ASSIGNMENT: Without the images, reproduce each line of the material exactly.

DATASET EXTRACT:
◆ ◆ ◆ ◆ ◆

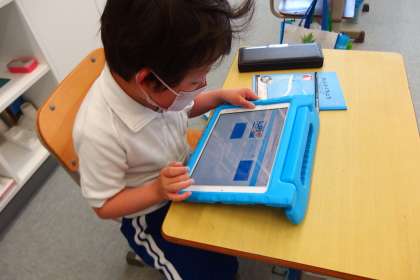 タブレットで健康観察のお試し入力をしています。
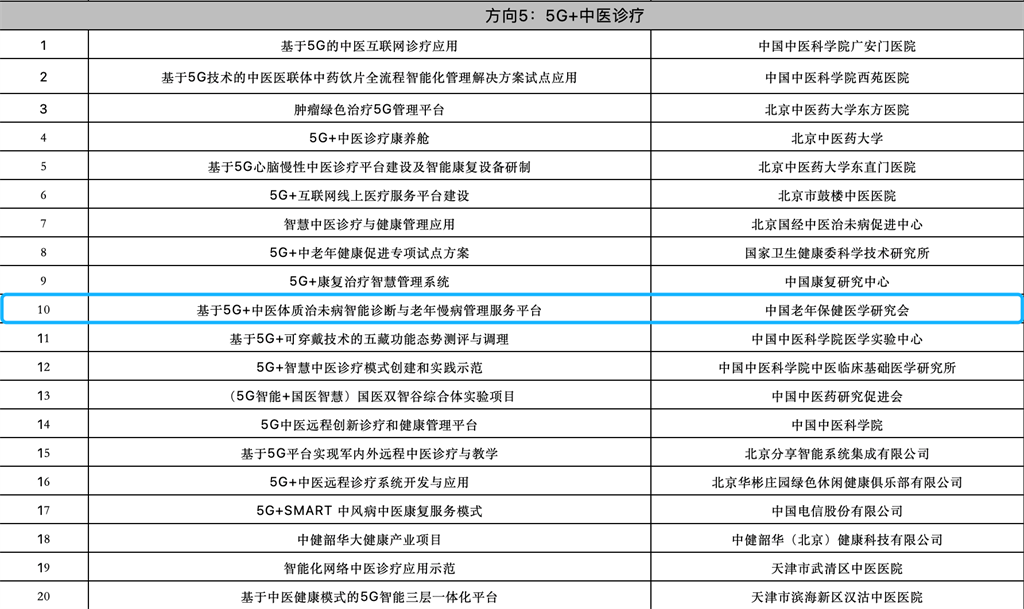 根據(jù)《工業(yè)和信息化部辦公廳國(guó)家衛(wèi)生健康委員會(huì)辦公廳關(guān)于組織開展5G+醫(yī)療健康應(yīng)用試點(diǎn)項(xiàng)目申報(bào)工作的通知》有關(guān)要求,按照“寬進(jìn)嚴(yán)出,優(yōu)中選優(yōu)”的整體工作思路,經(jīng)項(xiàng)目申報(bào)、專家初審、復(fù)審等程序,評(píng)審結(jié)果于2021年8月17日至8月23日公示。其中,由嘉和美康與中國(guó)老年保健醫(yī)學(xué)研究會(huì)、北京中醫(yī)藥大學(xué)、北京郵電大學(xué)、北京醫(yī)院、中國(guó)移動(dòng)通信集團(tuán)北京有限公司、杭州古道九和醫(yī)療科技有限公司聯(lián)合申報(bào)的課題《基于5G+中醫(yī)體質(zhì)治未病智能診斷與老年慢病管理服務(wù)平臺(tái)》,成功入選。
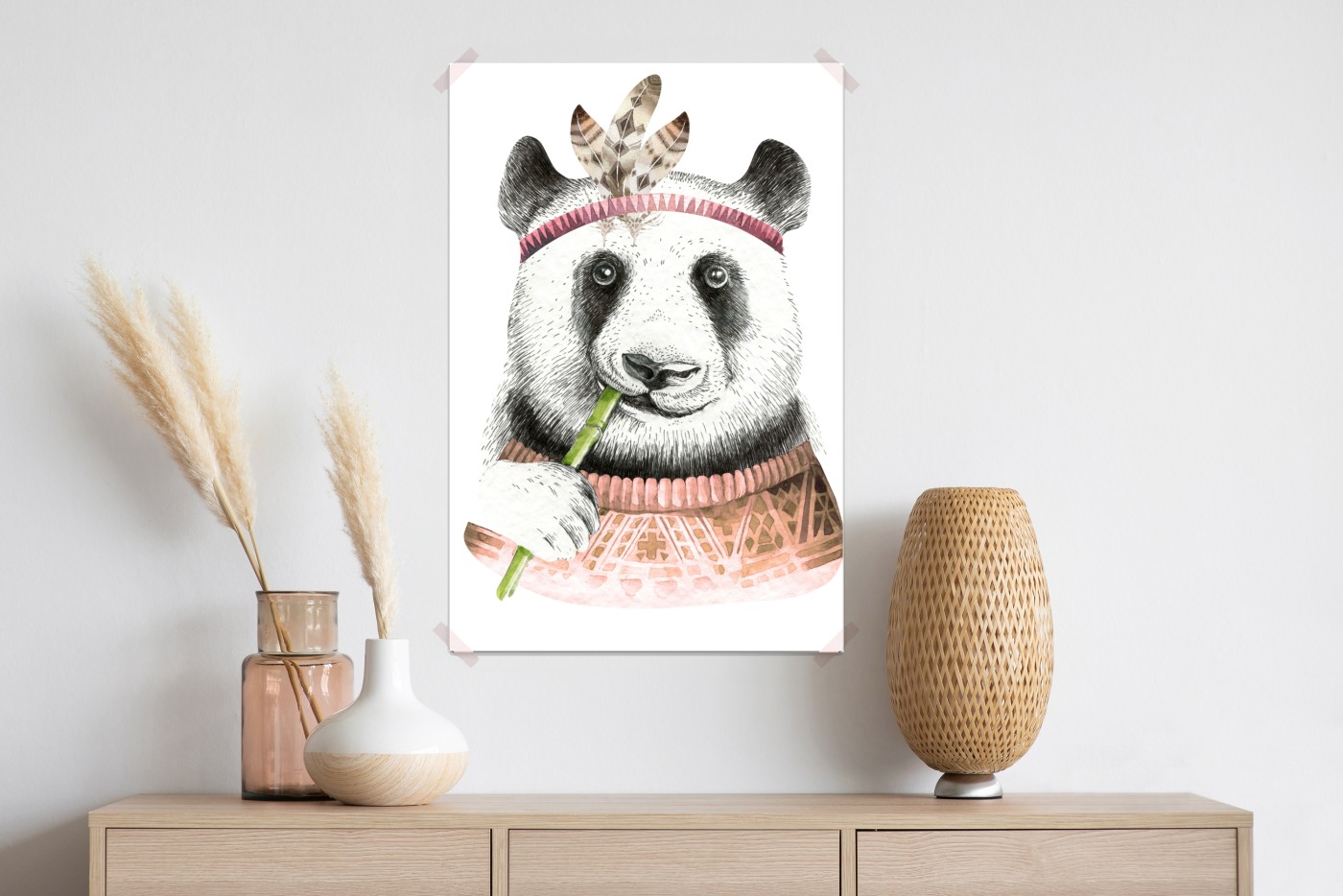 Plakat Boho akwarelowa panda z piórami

◆ ◆ ◆ ◆ ◆

TASK ANSWER:
 タブレットで健康観察のお試し入力をしています。
 根據(jù)《工業(yè)和信息化部辦公廳國(guó)家衛(wèi)生健康委員會(huì)辦公廳關(guān)于組織開展5G+醫(yī)療健康應(yīng)用試點(diǎn)項(xiàng)目申報(bào)工作的通知》有關(guān)要求,按照“寬進(jìn)嚴(yán)出,優(yōu)中選優(yōu)”的整體工作思路,經(jīng)項(xiàng)目申報(bào)、專家初審、復(fù)審等程序,評(píng)審結(jié)果于2021年8月17日至8月23日公示。其中,由嘉和美康與中國(guó)老年保健醫(yī)學(xué)研究會(huì)、北京中醫(yī)藥大學(xué)、北京郵電大學(xué)、北京醫(yī)院、中國(guó)移動(dòng)通信集團(tuán)北京有限公司、杭州古道九和醫(yī)療科技有限公司聯(lián)合申報(bào)的課題《基于5G+中醫(yī)體質(zhì)治未病智能診斷與老年慢病管理服務(wù)平臺(tái)》,成功入選。
 Plakat Boho akwarelowa panda z piórami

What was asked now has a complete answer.